The W124 was a mid-sized vehicle platform, which entered planning in the autumn of 1976 under development Hans Scherenberg. In July 1977, the W124 program officially began, with R&D commencing work under newly appointed Werner Breitschwerdt. In April 1978, decisions were made to base it on the Mercedes-Benz W201 model program. By April 1979, a package plan was completed for the program, laying out the guidelines of the project. During the winter of 1980–1981, the final exterior for the W124 program was completed, chosen as the leading proposal by design director Bruno Sacco, and approved by the board of management in early 1981. By mid-1982, the first prototypes reflective of the production design, were assembled and sent to testing. In March 1984, pilot production commenced and development of the sedan concluded with engineering sign-off.

Front suspension used a separate spring and damper with a rubber top mount. The rear suspension of the W124 featured the Mercedes multi-link axle introduced in 1982 with the Mercedes W201 and which is now standard on many modern cars.

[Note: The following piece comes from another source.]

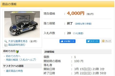 ▲2017年4月21日にヤフオクに出品された、トミカリミテッドベースの2次加工品。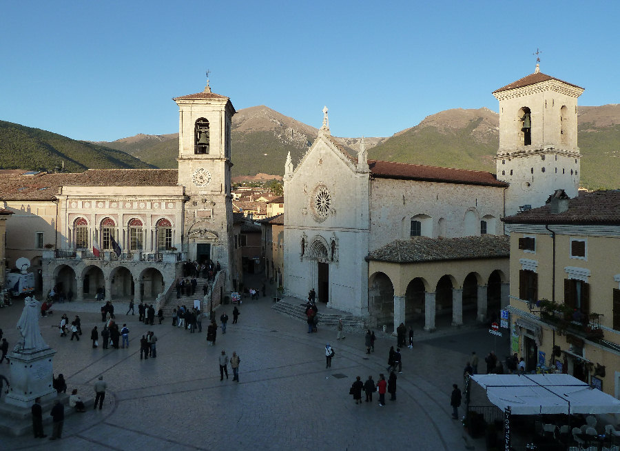 concentrano gli edifici simbolo della identità di Norcia:

Estate cars (and optionally, saloons and coupés) had Citroën-like rear self-leveling suspension with suspension struts rather than shock absorbers, gas-filled suspension spheres to provide damping and an under bonnet pressurizing pump. Unlike the traditional Citroën application, the Mercedes suspension system had a fixed ride height and employed rear coil springs to maintain the static ride height when parked.

The W124 was the first Mercedes series to be fitted with the iconic 15-hole, flat-faced alloy wheels characteristic of Mercedes-Benz cars of the 1980s and 1990s. The alloy wheels were nicknamed 'gullideckel' or manhole covers, because they resemble manhole or drainage covers in Germany, which are consistently round in shape with a series of 15- or 16-holes around the outer edge, often within a concentric ring. Gullideckel wheels in a variety of diameter and offset specifications were later incorporated into the facelift versions of the W126 S-Class, R107 SL and W201 190E series, and were also the 'non-option' wheel on the R129 SL-Class roadster.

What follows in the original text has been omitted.